# TO DO
Except for the pictures, write out all the records that follow exactly.

== DATA RECORDS

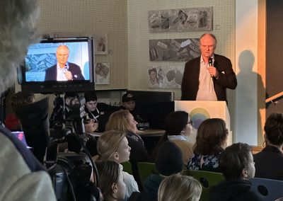 Die Oberschuldirektorin Frau Strunk berichtete wie aus einer kleinen Idee im letzten Herbst dieses Projekt entstanden ist und stellte heraus wie wichtig vor Ort das partnerschaftliche Engagement (Nachhaltigkeitsziel 17, 17ziele.de) mit kleinen Schritten und Beiträgen ist. Sie übergab das Wort an den Geographieprofessor Dr. Pries von der Universität Leuphana, der einen Überblick über die 17 Nachhaltigkeitsziele gab. Er forderte die Schüler:innen auf Informationen zu prüfen und zu hinterfragen. U.a. erklärte er, wann und warum der Apfel aus Südafrika den Apfel aus der Region hinsichtlich der CO2-Bilanz im Kalenderjahr schließlich überholt. Die Komplexität der Sachverhalte und der Mut zu Innovationen wurden deutlich.
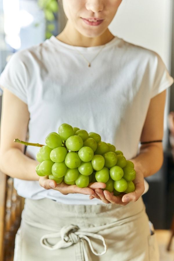 「cafe hello ioa」で使われているシャインマスカットの大きさをお伝えしたくて、店主さんに持ってもらいました。店主さんが華奢なのもあるのですが、1房でこのボリューム、そして1粒の大きさにも注目してください! 高級フルーツのなかでも最高級レベルです。
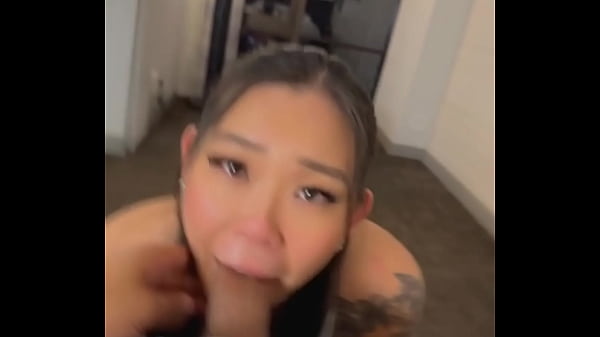 asian babe deepthroat big dick and swallows cum whole POV BLOWJOB
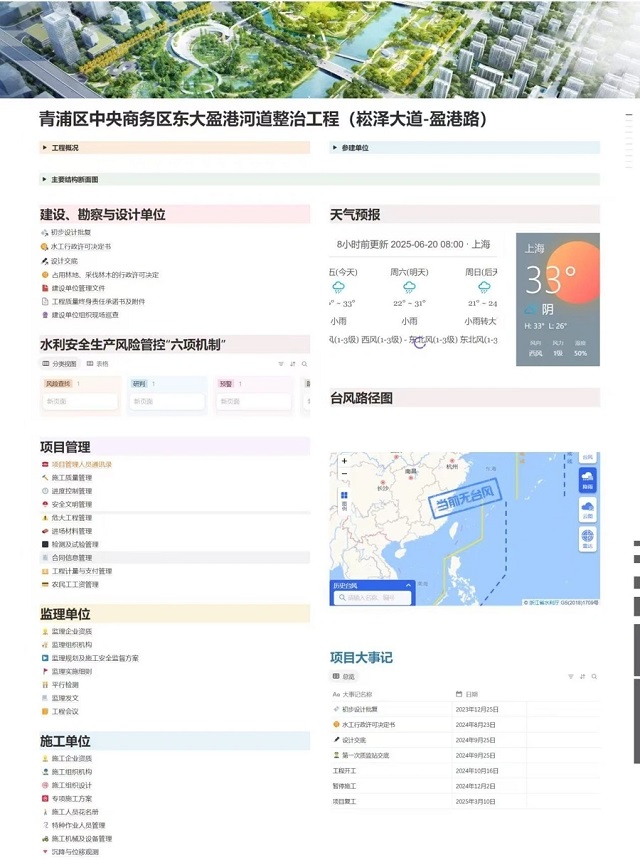 在基坑與閘室結構施工中,項目團隊以“科技興安”理念推動安全生產標準化建設,通過3D建模對施工全流程進行全景模擬推演,提前預判風險點。自主研發的“項目全流程監管系統”基于Notion平臺構建,集成質量、安全、進度等核心數據實時監控功能,創新嵌入臺風預警、精準天氣預報及AI大模型風險分析模塊,實現從隱患排查到應急處置的全鏈條數字化管控。
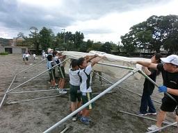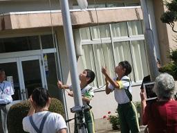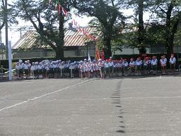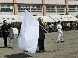 今度はエールの交換です。赤組が白組の健闘をたたえています。

====

# OUTPUT
 Die Oberschuldirektorin Frau Strunk berichtete wie aus einer kleinen Idee im letzten Herbst dieses Projekt entstanden ist und stellte heraus wie wichtig vor Ort das partnerschaftliche Engagement (Nachhaltigkeitsziel 17, 17ziele.de) mit kleinen Schritten und Beiträgen ist. Sie übergab das Wort an den Geographieprofessor Dr. Pries von der Universität Leuphana, der einen Überblick über die 17 Nachhaltigkeitsziele gab. Er forderte die Schüler:innen auf Informationen zu prüfen und zu hinterfragen. U.a. erklärte er, wann und warum der Apfel aus Südafrika den Apfel aus der Region hinsichtlich der CO2-Bilanz im Kalenderjahr schließlich überholt. Die Komplexität der Sachverhalte und der Mut zu Innovationen wurden deutlich.
 「cafe hello ioa」で使われているシャインマスカットの大きさをお伝えしたくて、店主さんに持ってもらいました。店主さんが華奢なのもあるのですが、1房でこのボリューム、そして1粒の大きさにも注目してください! 高級フルーツのなかでも最高級レベルです。
 asian babe deepthroat big dick and swallows cum whole POV BLOWJOB
 在基坑與閘室結構施工中,項目團隊以“科技興安”理念推動安全生產標準化建設,通過3D建模對施工全流程進行全景模擬推演,提前預判風險點。自主研發的“項目全流程監管系統”基于Notion平臺構建,集成質量、安全、進度等核心數據實時監控功能,創新嵌入臺風預警、精準天氣預報及AI大模型風險分析模塊,實現從隱患排查到應急處置的全鏈條數字化管控。
 今度はエールの交換です。赤組が白組の健闘をたたえています。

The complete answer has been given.